Solution: Add a fallback in your transformer that constructs the FullStory URL manually using the session ID and your FullStory org ID: https://app.fullstory.com/ui/YOUR_ORG_ID/session/session_id. Check FullStory's API documentation for the current field name — it may be fsUrl, sessionUrl, or replayUrl depending on the API version.

```
// Fallback URL construction in transformer
const FULLSTORY_ORG = 'YOUR_ORG_ID'; // set in config vars
return sessions.map(session => ({
  ...session,
  replay_link: session.fsUrl
    || `https://app.fullstory.com/ui/${FULLSTORY_ORG}/session/${session.sessionId}`
}));
```

### Event query times out for long sessions with high event volumes

Cause: FullStory sessions with many events (active users, SPAs with lots of interactions) can return thousands of events, causing the API response to be large and slow. Retool's default query timeout may not be sufficient.

Solution: Increase the query timeout in the Advanced settings of your getSessionEvents query to 60 seconds. Add a limit parameter to the events endpoint to fetch only the first 500 events. Better yet, filter by event type to only return navigation and click events (ignoring mousemove, scroll, and other high-frequency events).

## Frequently asked questions

### Can I watch FullStory session recordings inside Retool?

You cannot play FullStory recordings directly within Retool — FullStory's player requires authentication to the FullStory application. What Retool does is show the session metadata (timestamp, duration, pages, frustration signals) and provide direct replay links (fsUrl) that open the session in FullStory in a new browser tab. Your support agents need FullStory viewer licenses to watch the recordings.

### Does FullStory have a native connector in Retool?

No, FullStory does not have a native Retool connector. You connect it using a REST API Resource with Bearer token authentication. The most useful FullStory API endpoints for Retool are the user lookup endpoint, the sessions list endpoint, and the events endpoint — these cover the main support panel use cases without needing the full FullStory data export API.

### How do I match FullStory user IDs with my internal user IDs?

FullStory lets you set a custom uid when identifying users via your JS snippet: FS.identify('your-user-id', { displayName: 'Name', email: 'email' }). If you've implemented this correctly, you can search FullStory by your internal user ID using the /v1/users/{uid} endpoint. If your app only identifies users by email, use the search endpoint with an email filter. The key is that FullStory's user records contain whatever custom properties your app sent during identify().

### What plan do I need for FullStory API access?

FullStory API access is available on Business plans and above.
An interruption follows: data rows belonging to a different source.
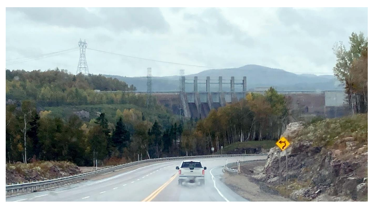
View of a dam in the Pessamit reserve, 2022

Pessamit is an indigenous community of the Innu Nation, located in the Côte-Nord region of the province of Quebec, Canada, at the mouth of the St. Lawrence and Betsiamites Rivers. <sup>211</sup> The reserve, as defined by the Indian Act, <sup>212</sup> covers an area of approximately 256 km2 and has a population of about 4,000 people. <sup>213</sup> However, the Innu's ancestral territory, the Nitassinan, is much larger, spanning around 138,000km2. The Innu have never ceded this territory to either the federal or the provincial governments. In 2005, the Pessamit community began legal proceedings to formally claim their ancestral territory. <sup>214</sup>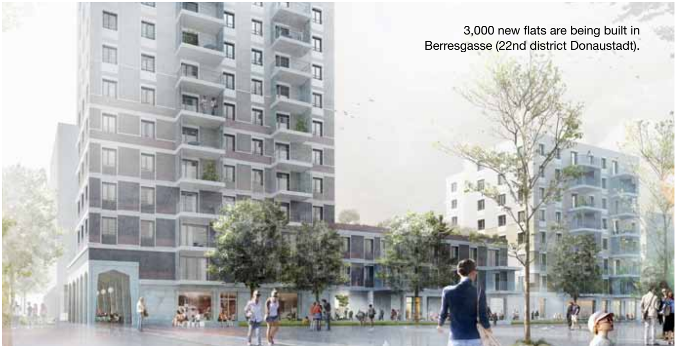
3,000 new flats are being built in Berresgasse (22nd district Donaustadt).

resgasse (approx. 3,000 flats, 22nd district), Käthe-Dorsch-Gasse (approx. 520 flats, 14th district), Henneberggasse 1-3 (approx. 80 flats, 3rd district) and Rösslergasse (approx. 80 flats, 21st district).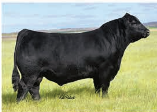
KR Mojo REG: 19219146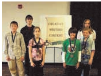
2nd Place Winners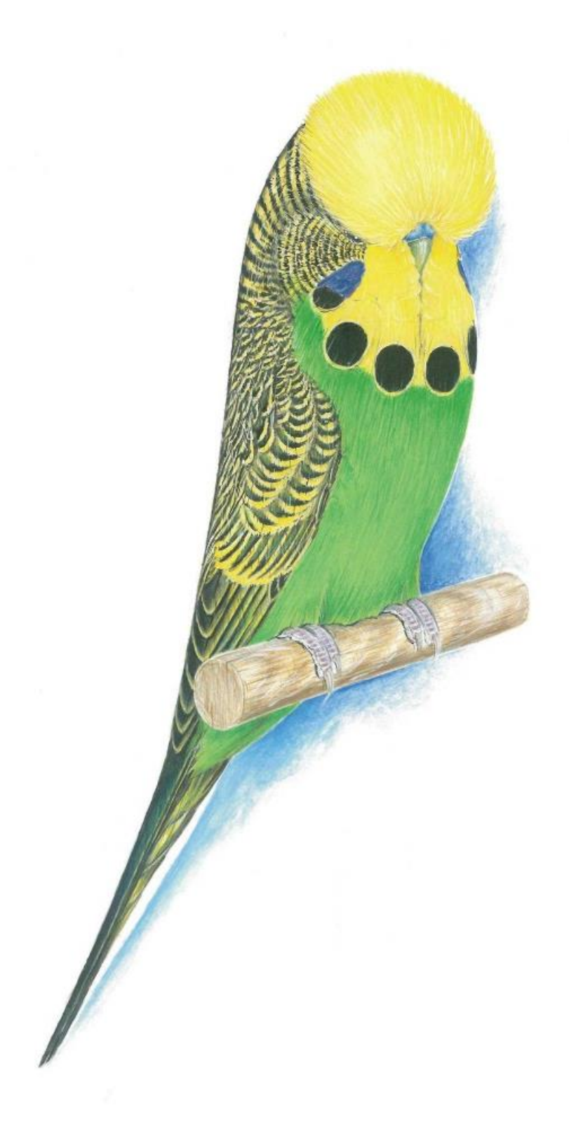
Page 5 of 9

"Our passion is budgies: Never say Never"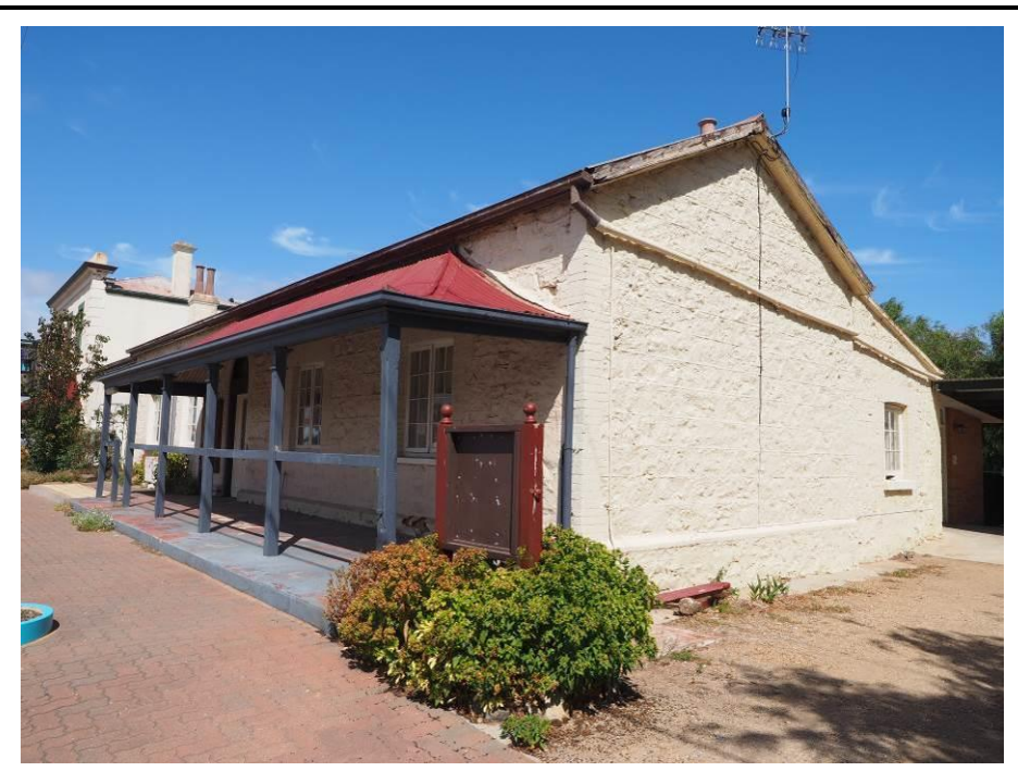
Former Normanville Police Station – Original 1855 police station and courthouse building (from north). Note ribbon pointing and 1870s verandah. March 2017

NAME: Former Normanville Police Station PLACE: 26470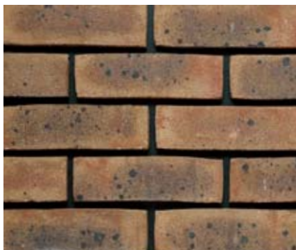
Capital Brown Multi Stock

The free trial and some starter plans do not include API access. Check your FullStory Admin → Account Settings section — if you don't see an Integrations or API Keys section, you may need to upgrade your plan. Contact FullStory support if you need API access for evaluation purposes.

### How far back can I query FullStory session data?

FullStory's data retention period depends on your plan — typically 1, 3, or 12 months for Business plans, with custom retention for Enterprise. Sessions older than your retention period are not available via the API. For long-term session data storage, consider using Retool Workflows to periodically export important session data to your own database before it expires in FullStory.